**Your goal:** Everything in the listing that follows should be reproduced exactly except the pictures.

**Stored data:**
● ● ● ● ●
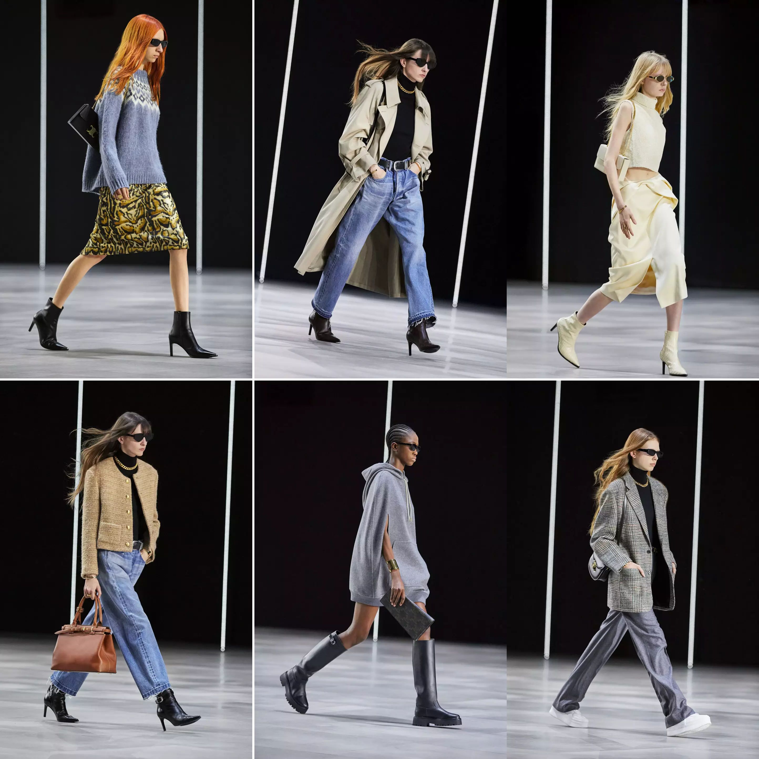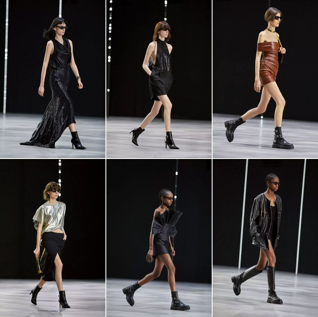 Called Dans Paris (in Paris), the collection purportedly harks back to Celine’s roots. But it has less to do with the decade of its founding (in the ’40s) than the years of its heydays (in the ’60s and ’70s). Turtlenecks are the base for many of the ensembles, worn with thick chain-link necklace, under tops/outers that would be familiar among work-wear aficionados. Jackets are either oversized and slouchy, or boxy and cropped. Denim jeans of a lighter wash are prominent, with their stitched/laundered/unstitched hem. So too are slim-fitting skirts of varying lengths that suggest either secretarial sleek or party-girl scantiness. Leather this or that are aplenty too. Hedi Slimane’s Celine is the go-to label when women need something considered “dressed up” and the compulsory cool, whether a night with the BFFs or impressions-are-important dates. The dress with a ruffled top, the side-boob-revealing halterneck blouse, the long sheath with cutouts at the waist and the slit in the middle—and others—attest the truth of that observation. These are feel-good clothes for a good-time out. And the times are back.
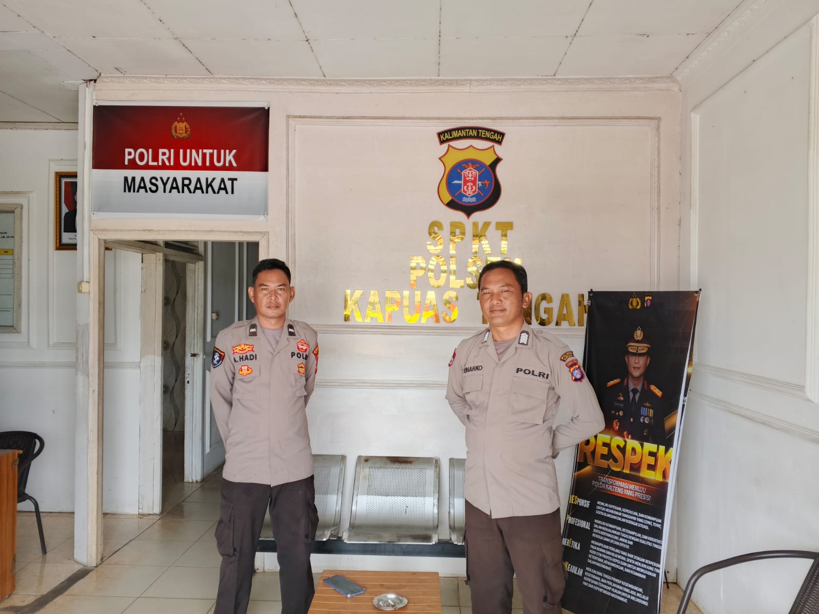 Personil yang melaksanakan giat siaga Mako Polsek Kapuas Tengah melaksanakan pelayanan kepada masyarakat seperti pelayanan laporan kehilangan dan pengaduan masyarakat.
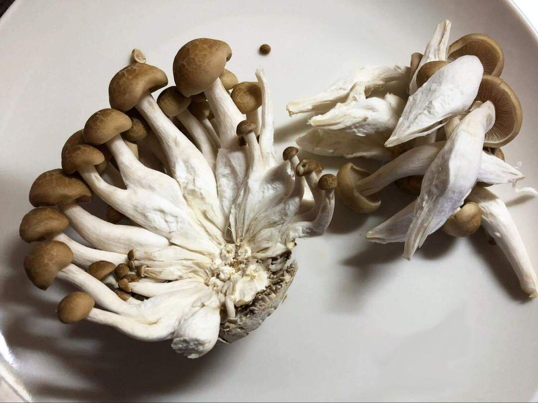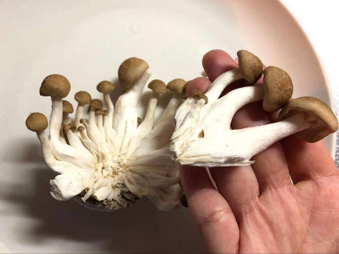 ある程度とれたらひっくり返していたぶなしめじを元の位置に戻し、引き続き端から抜いていきましょう。中央部分は抜くというよりもはがすような感覚で、気持ちいいほど簡単にとれます。
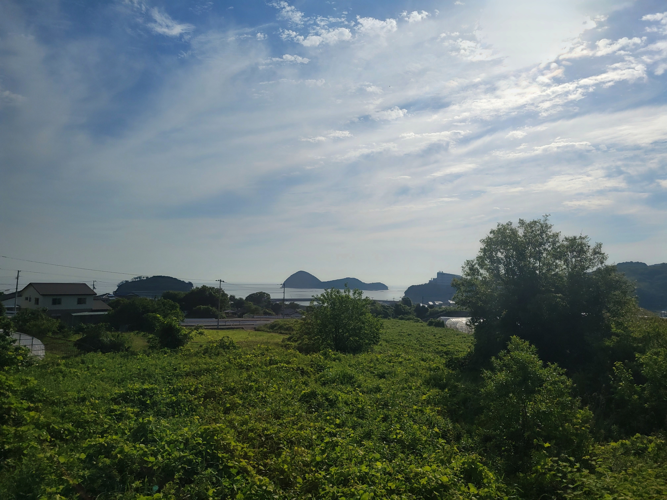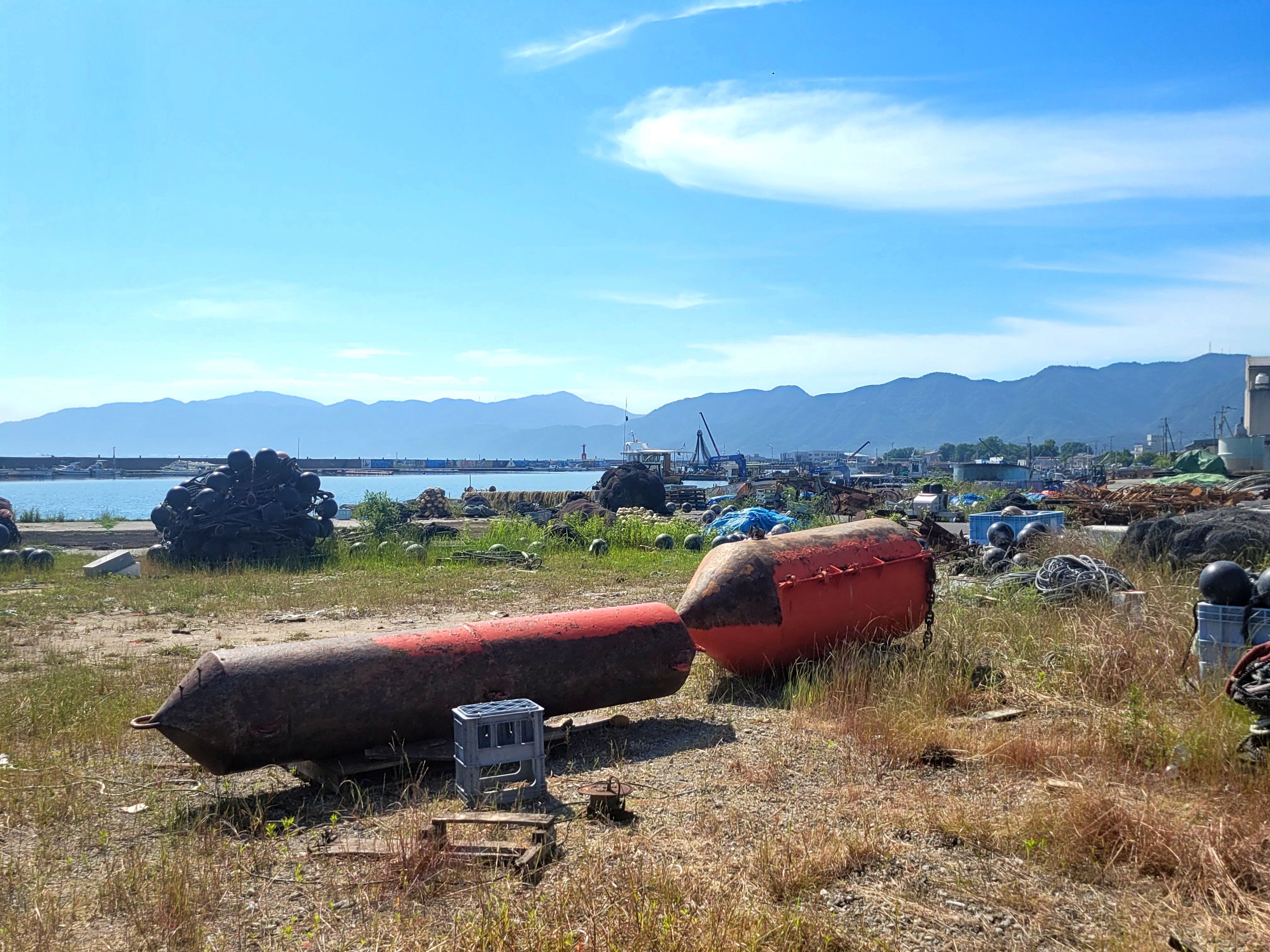 引田漁港近くの空き地です。堤防に「湾岸アート」と称してたくさんの絵が描かれているそうですが、もう暑くて見に行く気になれないですね。一応ずっと日なたでは日傘をさしているんですが本当に暑い。もう駅に戻ります…。あとアートも良いけど、こういう荷物が散乱しているの何とかしないのかな。
● ● ● ● ●
**Task solution:**
 Called Dans Paris (in Paris), the collection purportedly harks back to Celine’s roots. But it has less to do with the decade of its founding (in the ’40s) than the years of its heydays (in the ’60s and ’70s). Turtlenecks are the base for many of the ensembles, worn with thick chain-link necklace, under tops/outers that would be familiar among work-wear aficionados. Jackets are either oversized and slouchy, or boxy and cropped. Denim jeans of a lighter wash are prominent, with their stitched/laundered/unstitched hem. So too are slim-fitting skirts of varying lengths that suggest either secretarial sleek or party-girl scantiness. Leather this or that are aplenty too. Hedi Slimane’s Celine is the go-to label when women need something considered “dressed up” and the compulsory cool, whether a night with the BFFs or impressions-are-important dates. The dress with a ruffled top, the side-boob-revealing halterneck blouse, the long sheath with cutouts at the waist and the slit in the middle—and others—attest the truth of that observation. These are feel-good clothes for a good-time out. And the times are back.
 Personil yang melaksanakan giat siaga Mako Polsek Kapuas Tengah melaksanakan pelayanan kepada masyarakat seperti pelayanan laporan kehilangan dan pengaduan masyarakat.
 ある程度とれたらひっくり返していたぶなしめじを元の位置に戻し、引き続き端から抜いていきましょう。中央部分は抜くというよりもはがすような感覚で、気持ちいいほど簡単にとれます。
 引田漁港近くの空き地です。堤防に「湾岸アート」と称してたくさんの絵が描かれているそうですが、もう暑くて見に行く気になれないですね。一応ずっと日なたでは日傘をさしているんですが本当に暑い。もう駅に戻ります…。あとアートも良いけど、こういう荷物が散乱しているの何とかしないのかな。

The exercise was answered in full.